→ **PROBLEM DESCRIPTION**:
Look in the data below for the line that has "Molto robusto, serratura", then print exactly every line from there through the line that has "Opening three full", leaving pictures out.
RECORDED INFORMATION Block Start
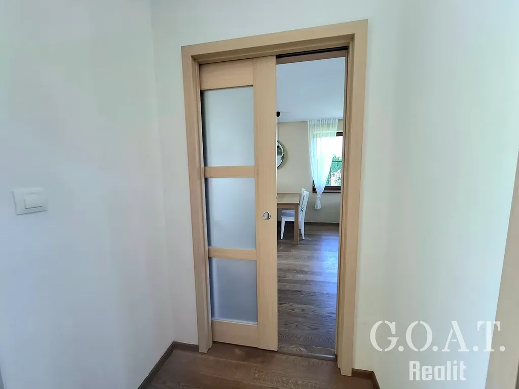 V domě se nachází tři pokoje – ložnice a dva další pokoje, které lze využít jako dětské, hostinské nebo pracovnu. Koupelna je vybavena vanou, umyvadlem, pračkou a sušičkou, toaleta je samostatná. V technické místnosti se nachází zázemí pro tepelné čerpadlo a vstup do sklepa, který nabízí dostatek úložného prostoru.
RECORDED INFORMATION Block End
RECORDED INFORMATION Block Start
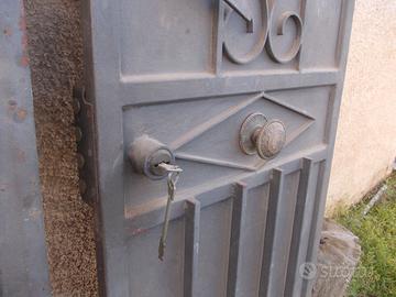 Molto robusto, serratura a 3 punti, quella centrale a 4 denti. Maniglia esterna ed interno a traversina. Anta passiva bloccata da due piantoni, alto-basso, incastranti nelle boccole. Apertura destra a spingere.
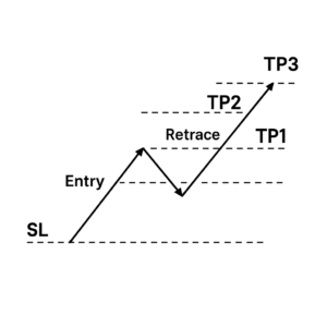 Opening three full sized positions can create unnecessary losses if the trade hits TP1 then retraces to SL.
RECORDED INFORMATION Block End
→ **RESULT OF THE EXERCISE**:
 Molto robusto, serratura a 3 punti, quella centrale a 4 denti. Maniglia esterna ed interno a traversina. Anta passiva bloccata da due piantoni, alto-basso, incastranti nelle boccole. Apertura destra a spingere.
 Opening three full sized positions can create unnecessary losses if the trade hits TP1 then retraces to SL.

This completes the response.